- _Records shown_
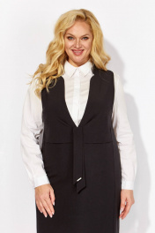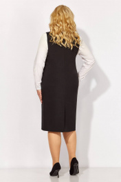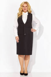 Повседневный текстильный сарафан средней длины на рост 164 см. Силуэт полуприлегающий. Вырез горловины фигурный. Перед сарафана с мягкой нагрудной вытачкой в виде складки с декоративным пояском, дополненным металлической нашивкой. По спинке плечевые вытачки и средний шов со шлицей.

--

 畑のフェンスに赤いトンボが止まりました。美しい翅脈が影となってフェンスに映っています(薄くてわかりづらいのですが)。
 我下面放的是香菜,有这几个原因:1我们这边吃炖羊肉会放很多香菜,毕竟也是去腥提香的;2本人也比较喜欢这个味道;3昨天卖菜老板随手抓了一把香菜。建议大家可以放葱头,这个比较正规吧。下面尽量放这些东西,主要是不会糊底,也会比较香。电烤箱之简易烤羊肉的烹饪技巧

- _Action item_
Everything from the line with "畑のフェンスに赤いトンボが止" through the line with "我下面放的是香菜,有这几个原" should be written out exactly as it appears above, end lines included, and nothing outside that range.

- _Worked solution_
 畑のフェンスに赤いトンボが止まりました。美しい翅脈が影となってフェンスに映っています(薄くてわかりづらいのですが)。
 我下面放的是香菜,有这几个原因:1我们这边吃炖羊肉会放很多香菜,毕竟也是去腥提香的;2本人也比较喜欢这个味道;3昨天卖菜老板随手抓了一把香菜。建议大家可以放葱头,这个比较正规吧。下面尽量放这些东西,主要是不会糊底,也会比较香。电烤箱之简易烤羊肉的烹饪技巧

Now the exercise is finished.